LiuChaoXD commented 4 years ago

For the ADSH_pytorch, in the ADSH_CIFAR_10.py, I find you random sample the training set from database, the codes is as follows,

for iter in range(max_iter):
        iter_time = time.time()
        '''
        sampling and construct similarity matrix
        '''
        select_index = list(np.random.permutation(range(num_database)))[0: num_samples]
        _sampler = subsetsampler.SubsetSampler(select_index)
        trainloader = DataLoader(dset_database, batch_size=batch_size,
                                 sampler=_sampler,
                                 shuffle=False,
                                 num_workers=4)

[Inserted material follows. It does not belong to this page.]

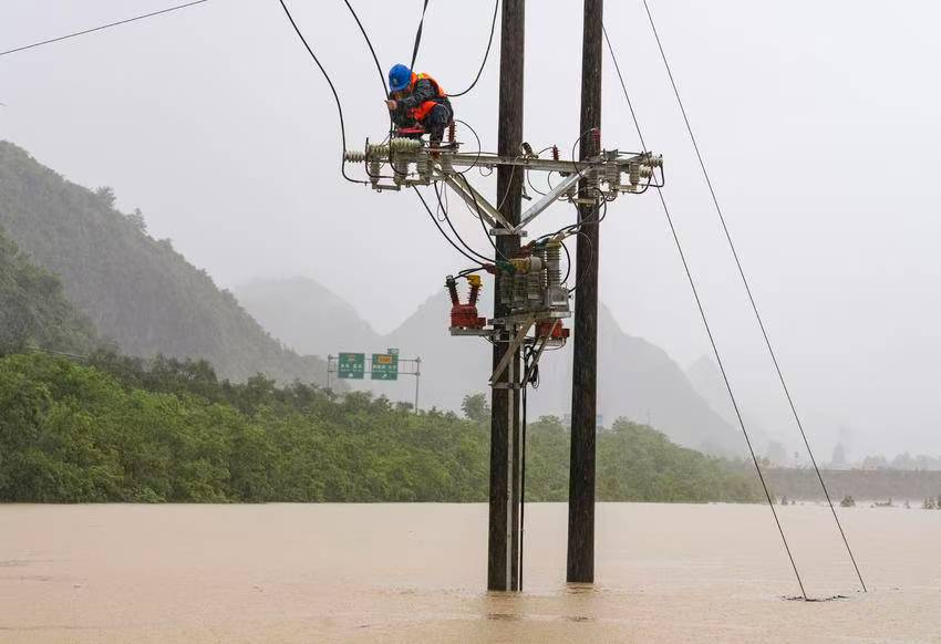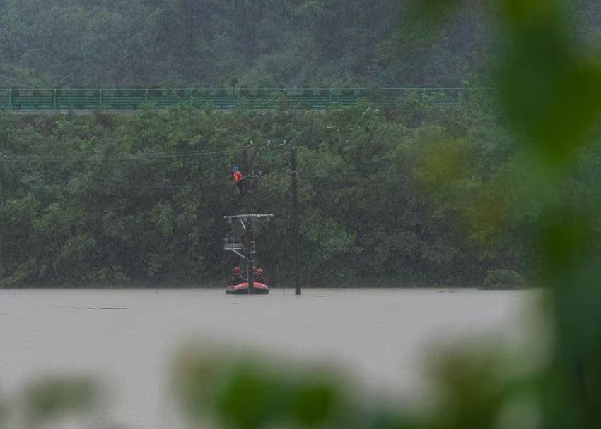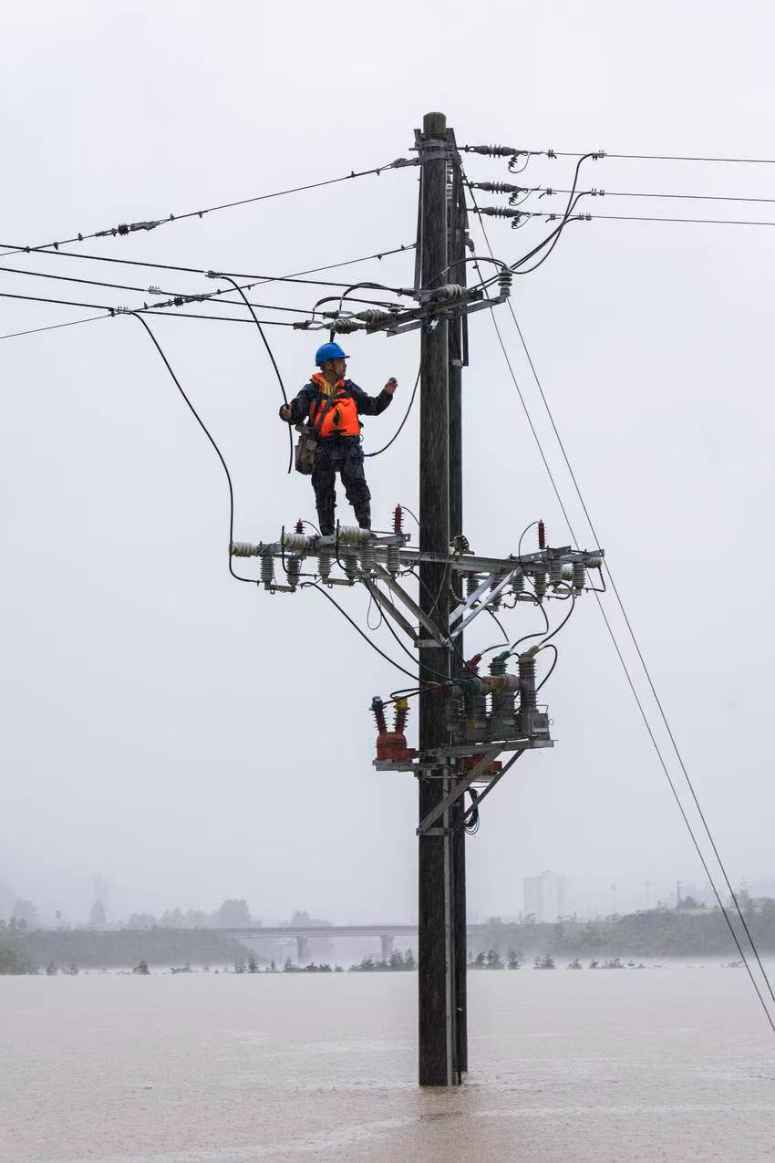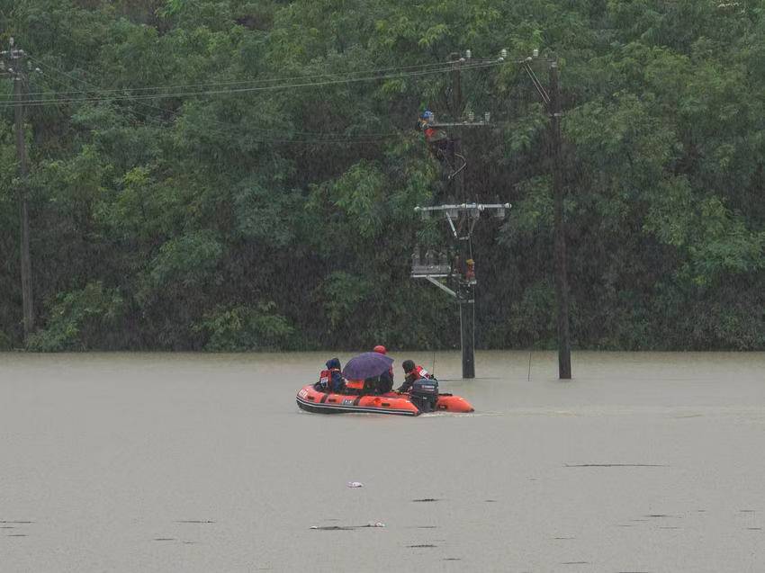 国网湖北鹤峰公司:强降雨致使电杆被淹 供电员工全力抢修

However, follow your paper, the training set is randomly sample 500 images for each class. Such that there are 5000 training samples. so in your program there is a list "train_img.txt" with 5000 lines for training.

The problem is I cannot find any codes about loading the train_img.txt ?? can you introduce it clearly?

jiangqy commented 4 years ago

5000 samples are sampled from database_img.txt

https://github.com/jiangqy/ADSH-AAAI2018/blob/2e95574aaafa6ab139a142e5fb5020317384b338/ADSH_pytorch/ADSH_CIFAR_10.py#L196

zhangcheng-007 commented 3 years ago

I would like to ask whether each class of random sampling in the test set has an impact on MAP?And if it is completely random sampling, how will the results change?